Могу представить себе, какой выговор вкатили потом Сизову по партийной линии — «за утрату политической бдительности»!
«Я никогда не был высокого мнения о политработниках послевоенного времени, так как они, как правило, очень недалёкие в рассуждениях, много думают о личном благе и мало о деле, бездельники и болтуны, иногда очень красивые болтуны, и они, как правило, не пользуются авторитетом среди личного состава. Учёба в академии утвердила меня, моё мнение в том. Окружение было очень плохое. Постоянные интриги, споры между собой, стремление выслужиться перед начальниками, склоки. Это — в основе. Хотя человек десять были порядочными, в определённых пределах, товарищами.
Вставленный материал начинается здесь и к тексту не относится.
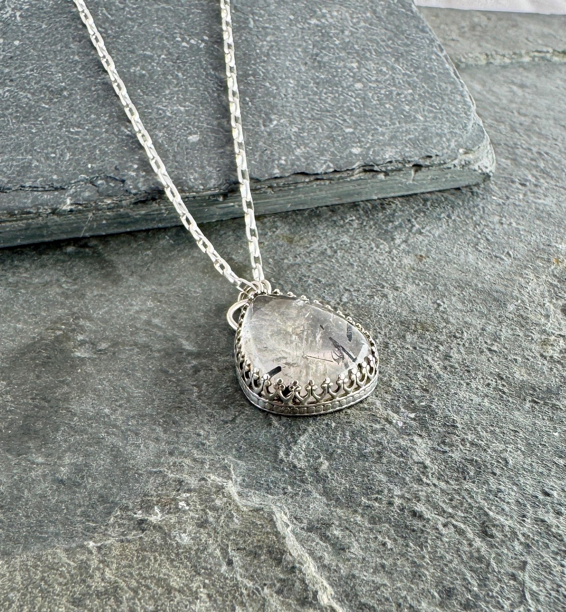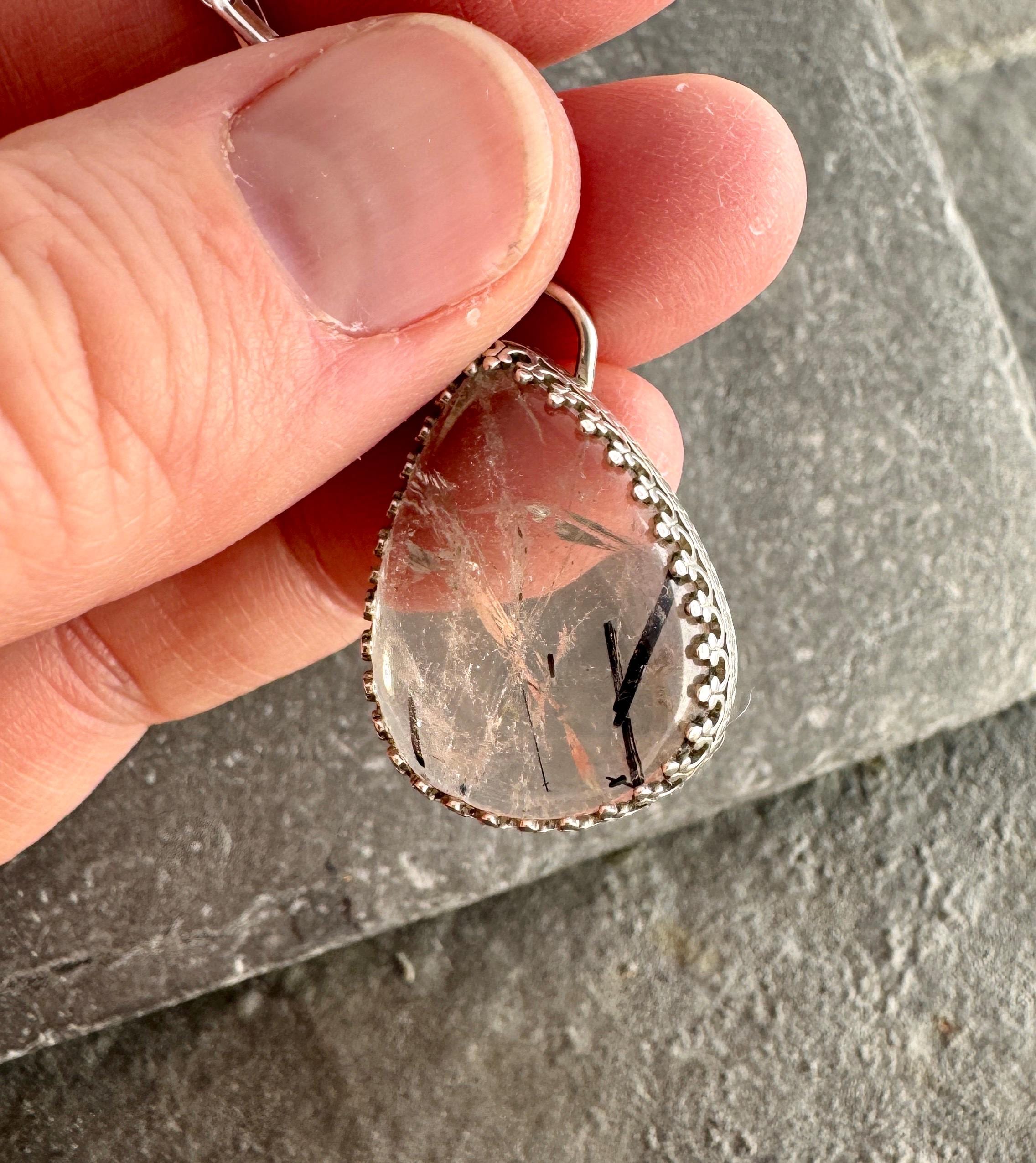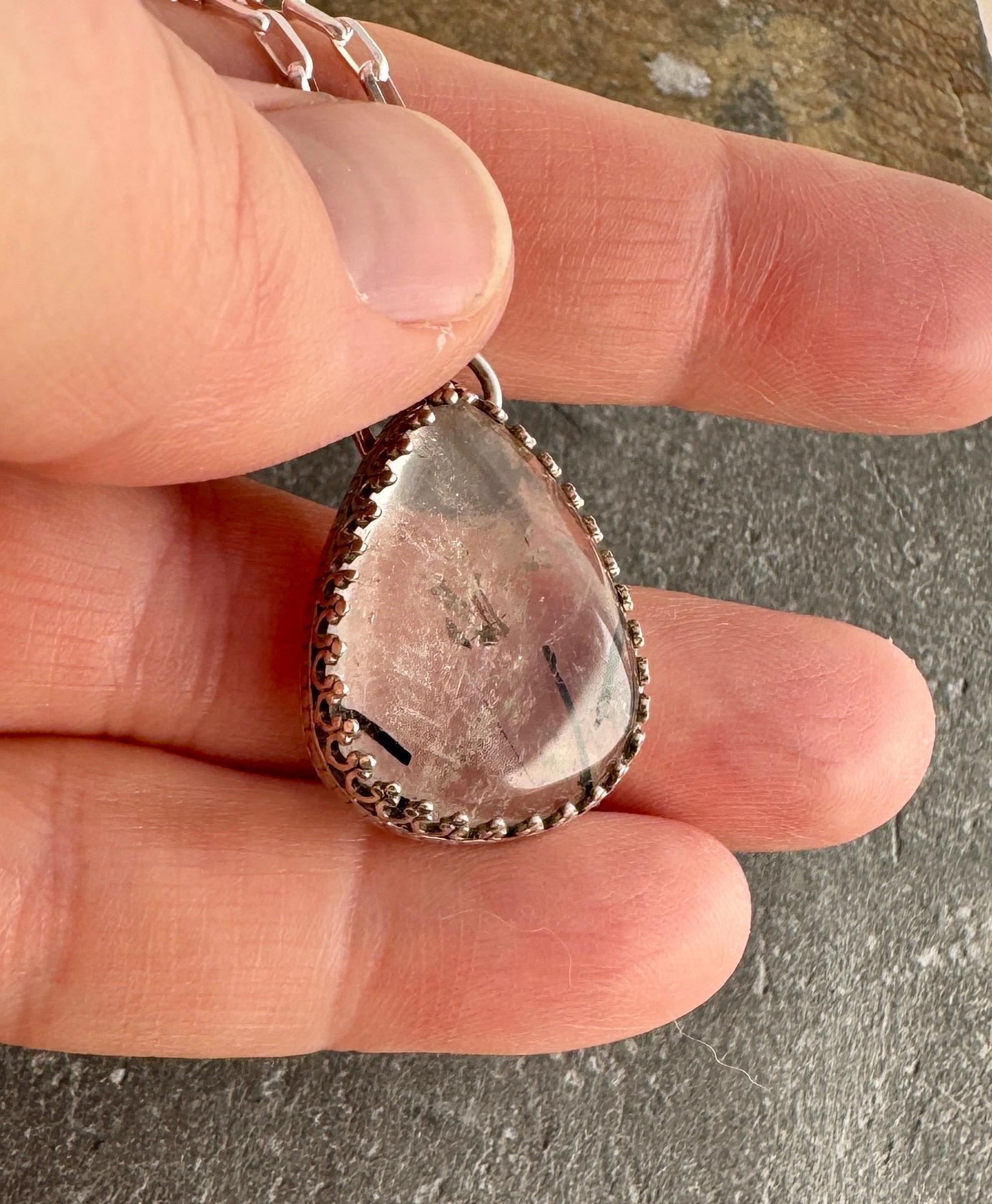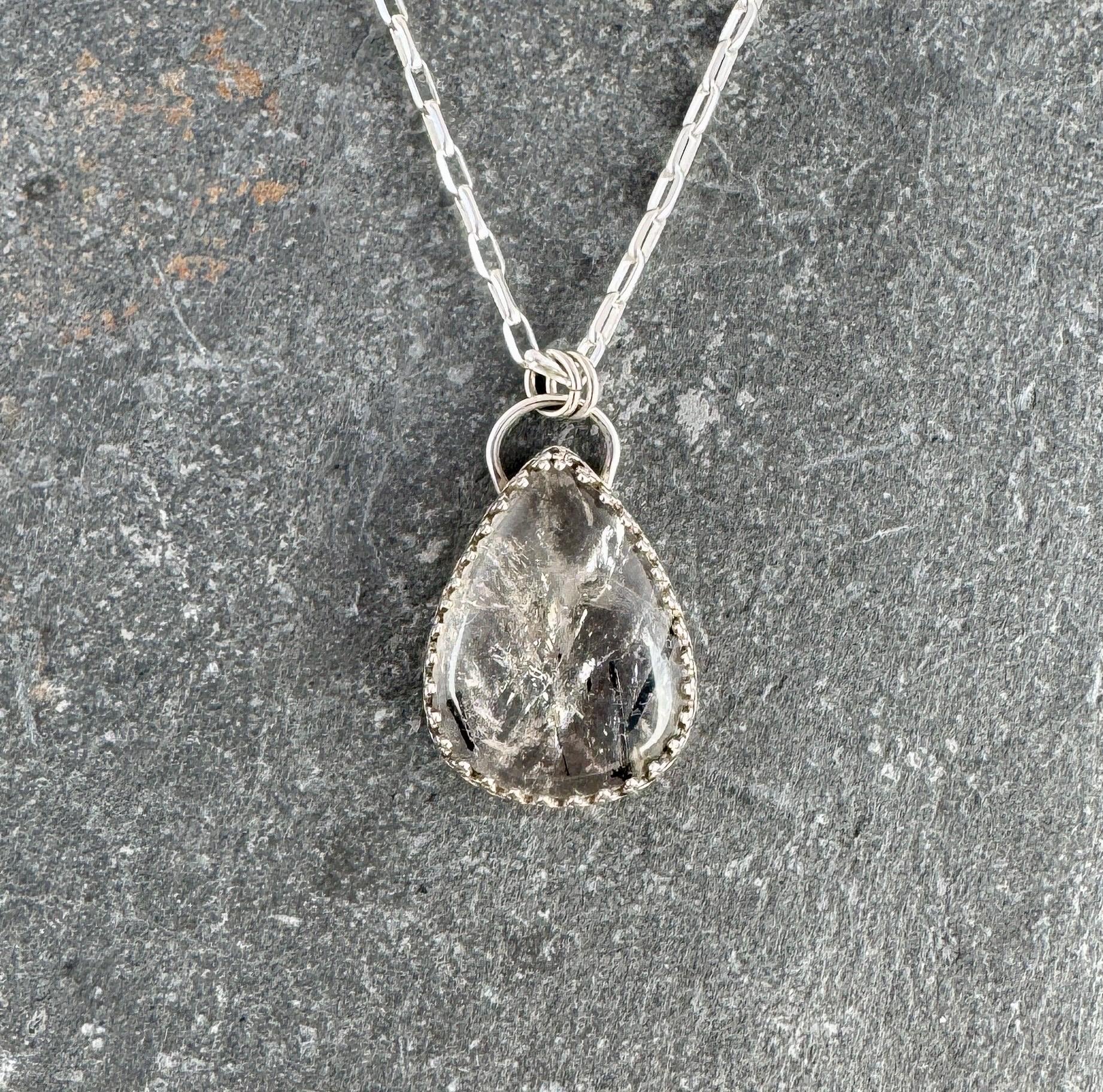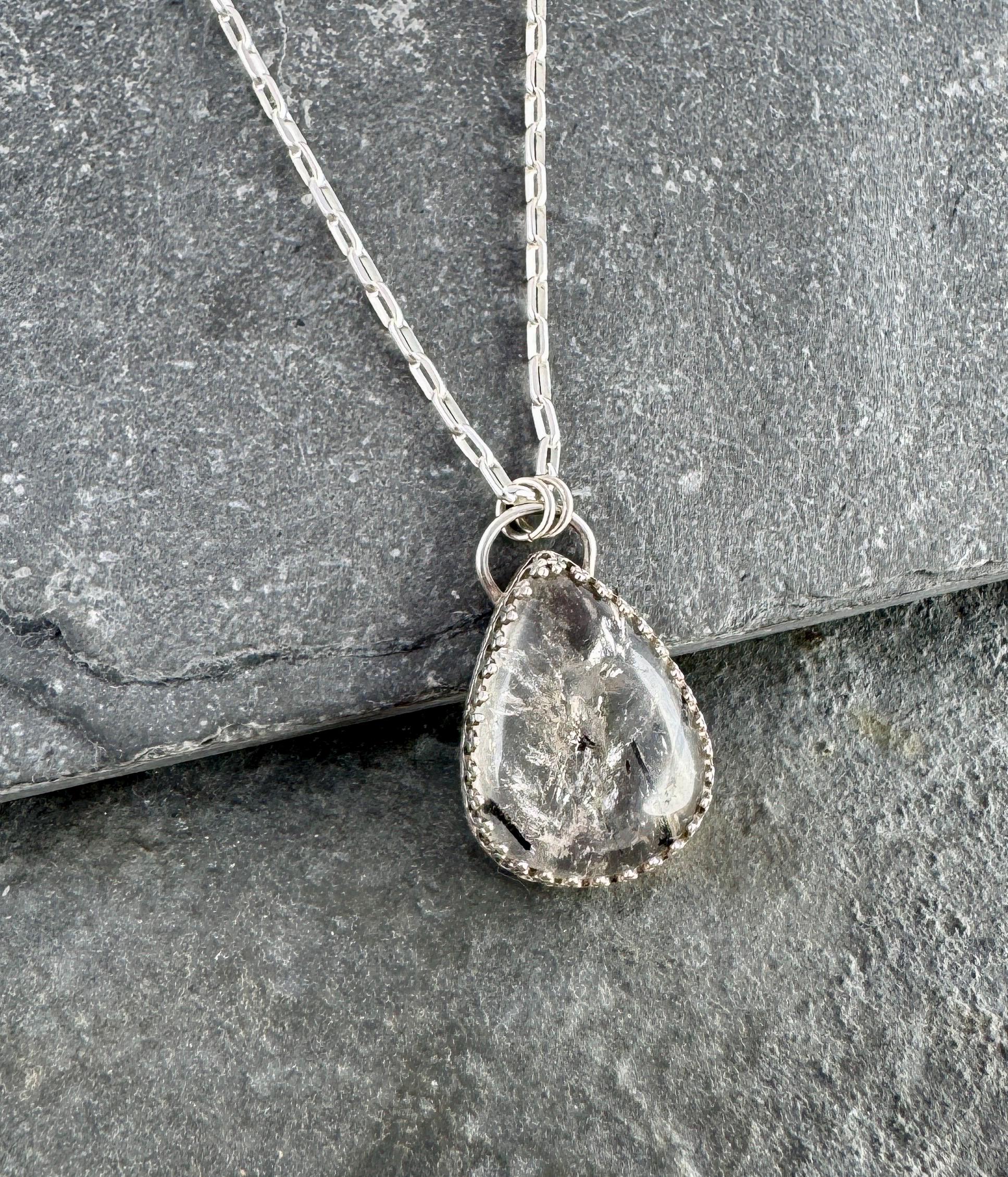 This clear quartz gemstone necklace includes striking tourmaline inclusions. The teardrop gemstone is set in a gallery bezel setting with an open back. The pendant hangs from a small box paperclip chain.

Начальник факультета адмирал Горелкин поощрял такую обстановку среди слушателей, не терпел противоречащих, но умел очень возвышенно говорить о партийной принципиальности… Я, естественно, побаивался выходить на беседы с такими вопросами, так как можно было далеко зайти в споре и в итоге выйти из академии… К сожалению, в Москве я не видел щели хотя бы, в которую можно было высунуть голову, чтобы подышать свежим воздухом свободной мысли, чтобы где-то можно было высказать свои мысли, поговорить. Были попытки найти мыслящих людей вне академии. Год я вёл группу партшколы на заводе „Динамо“, пытался вызвать на откровенность некоторых рабочих. Но они критиковали начальство заводское, порядки, но не более. Стал членом общества „Знание“ от Краснопресненского райкома партии, ездил с лекциями по Москве… Чувствовал, когда читал лекции, отчуждение аудитории, когда говорил о цифрах пятилетки, призывах партии… Была встреча у меня с начальником цеха завода „Динамо“ в домашней обстановке. Оказался мелким человеком… Пытался встретиться с поэтом Евтушенко. Мне нравится его гражданственная стихия. Но он уклонился от встречи, так как собирался улетать в Японию…»
Военно-политическую академию Саблин окончил с отличием, имя его было выбито на белом мраморе в ряду тех, кем гордилась академия. В ноябре 1975 года его поспешно вырубили зубилом. Те, кто отдавал этот приказ, думали, что история — это мраморная доска, навечно отданная им в цензуру…
Мы всё видели, всё понимали, посмеивались анекдотам о густых бровях Брежнева — усах Сталина, поднятых на должную высоту, о том, что в Москве-реке начаты промеры для крейсера «Аврора», — и ждали, когда нам объявят перестройку, а вместе с ней и эпоху гласности. Он ждать не захотел.
Мы ждали, ибо каждый из нас считал себя ничтожной силой для того, чтобы что-то изменить. Он так не считал.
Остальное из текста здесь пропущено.